Objectives/Hypothesis

The relevance of the cricothyroid (CT) muscle in patients with unilateral vocal fold paralysis (UVFP) remains controversial. To clarify the functional significance of the CT muscle in patients with UVFP, the confounding effect of the severity of recurrent laryngeal nerve injury should be taken into consideration. In the present study, quantitative laryngeal electromyography (LEMG) was used to measure the severity of paralysis of the thyroarytenoid-lateral cricoarytenoid (TA-LCA) muscle complex to allow the functional contribution of the CT muscle to be determined.

Study Design

Cross-sectional study performed in an otolaryngology outpatient clinic.

Methods

Thirty-one patients with a main diagnosis of UVFP were recruited.
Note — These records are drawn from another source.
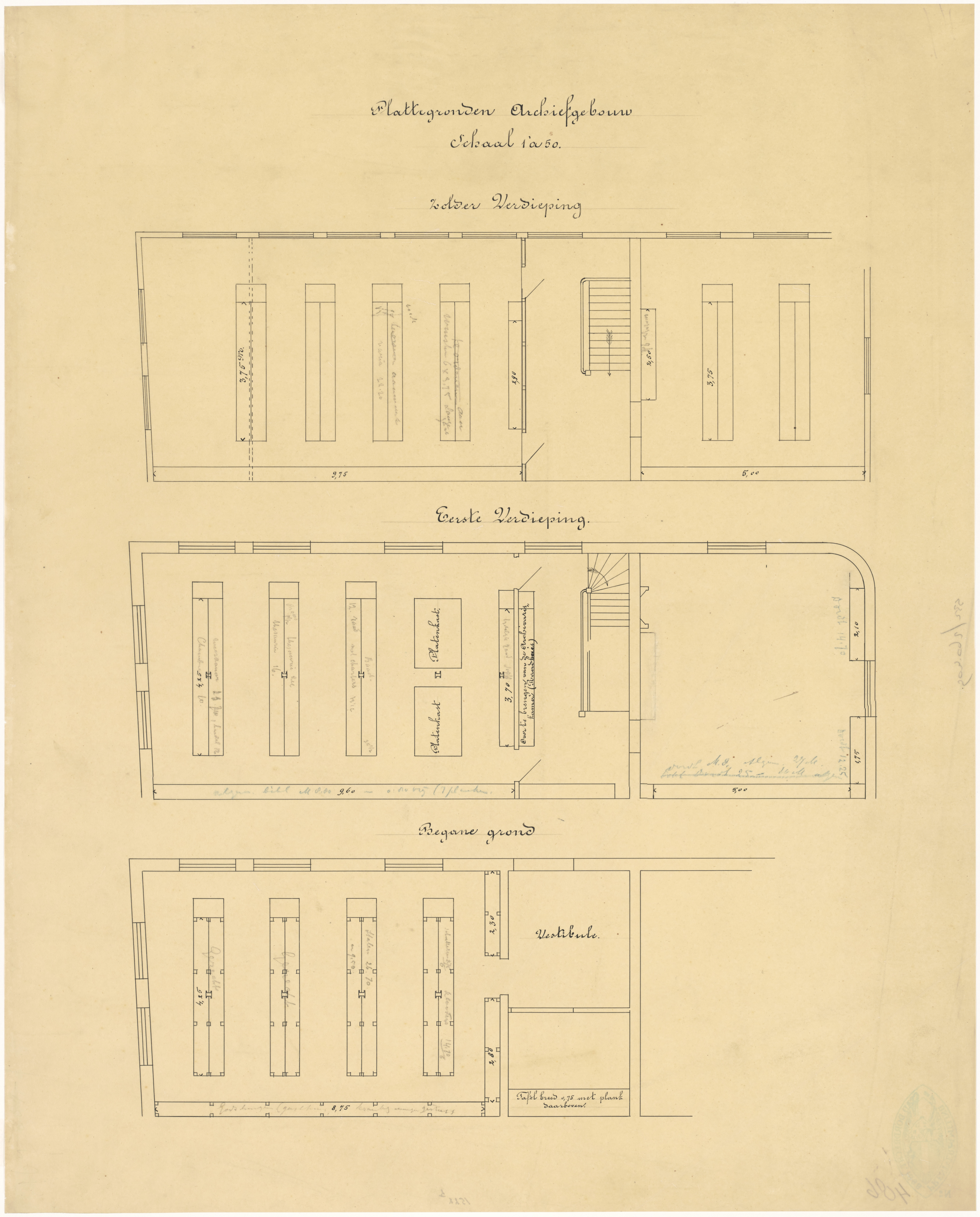 Het ontwerp voor de inrichting van het archiefgebouw van het woonhuis van weduwe D. …
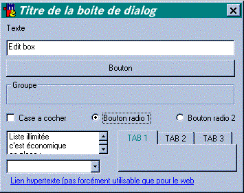 listes, bande de texte, case a cocher et autres...
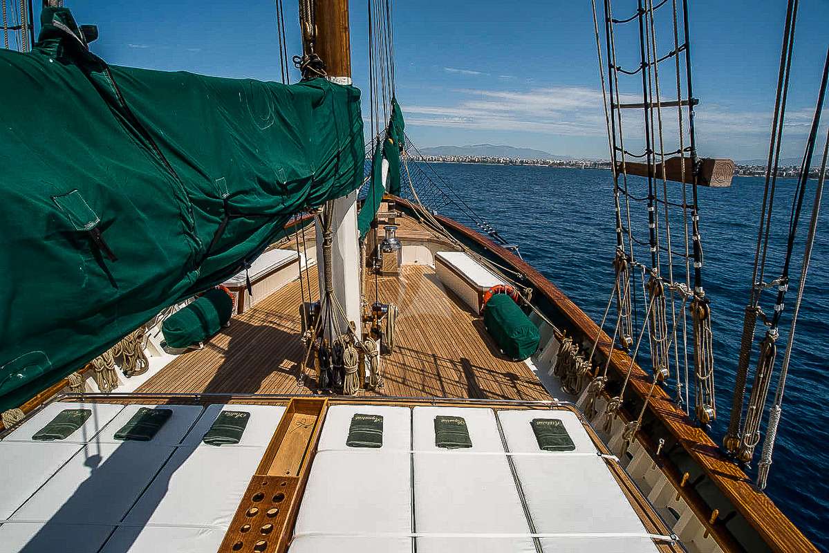 The interior centres on a bright saloon flooded with natural light through expansive glazing, ideal for evening gatherings or dining. The galley produces refined Mediterranean cuisine using local ingredients, whilst the upper deck features a generous alfresco dining area and dedicated sunbathing space. A foredeck retreat offers panoramic vistas, perfect for quiet moments with views across Athens or the Aegean.
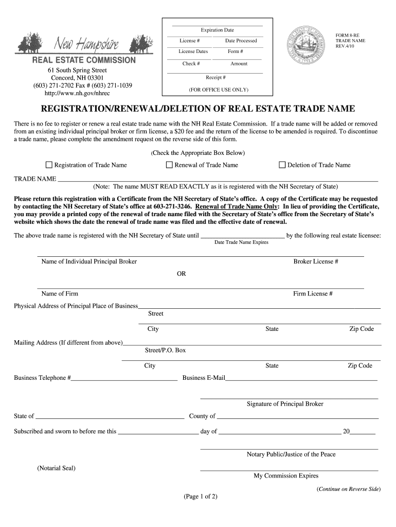 Expiration Date License # Date Processed FORM 8-RE TRADE NAME REV.4/10 61 South Spring Street Concord, NH 03301 (603) 271-2702 Fax # (603) 271-1039 http://www.nh.gov/nhrec License Dates Form # Check
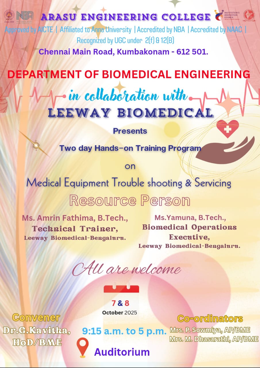 The Department of Biomedical Engineering in collaboration with Leeway Biomedical organizes two day hands on training program on “Medical Equipment Trouble Shooting and Servicing” from 07.10.2025 to 08 .10.2025
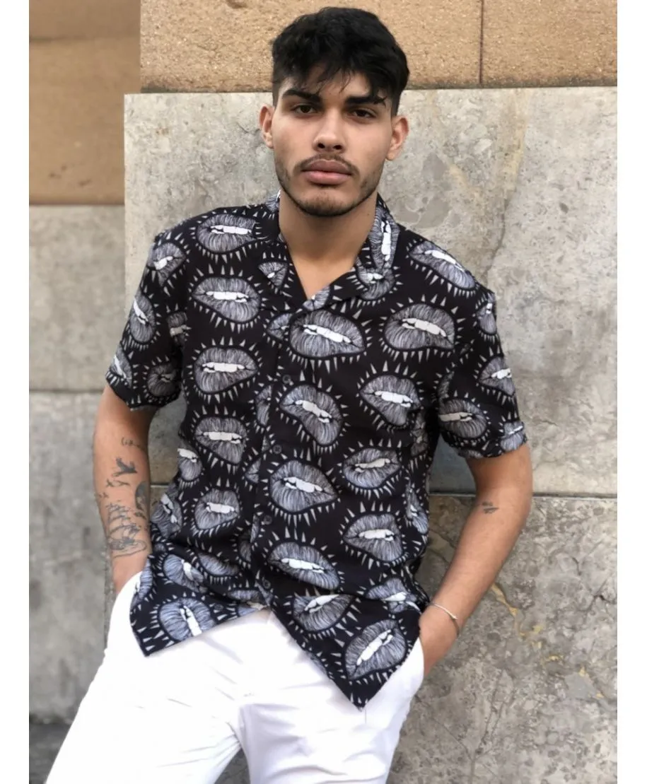 Camicia uomo Smile - Mezza manica - Camicia fantasia nera

The main outcome measures included LEMG examination, quantitative LEMG analysis of the TA-LCA muscle complex, UVFP-related quality-of-life questionnaire (Voice Outcome Survey [VOS]), voice acoustics analysis, videolaryngostroboscopy, and general quality-of-life questionnaire (Short Form-36 Health Survey [SF-36]) assessments.

Results

The vocal cord position did not differ between patients with and without CT muscle impairment. Patients with both TA-LCA and CT paralysis showed poorer vocal fold vibration (P = .048) and higher fundamental frequency (P = .02), and the VOS and SF-36 were both poorer compared with patients with only TA-LCA paralysis.

Conclusions

Although the vocal cord position was not influenced by CT muscle function, coexisting CT muscle paralysis may damage the voice by impairing vocal fold vibration in UVFP patients.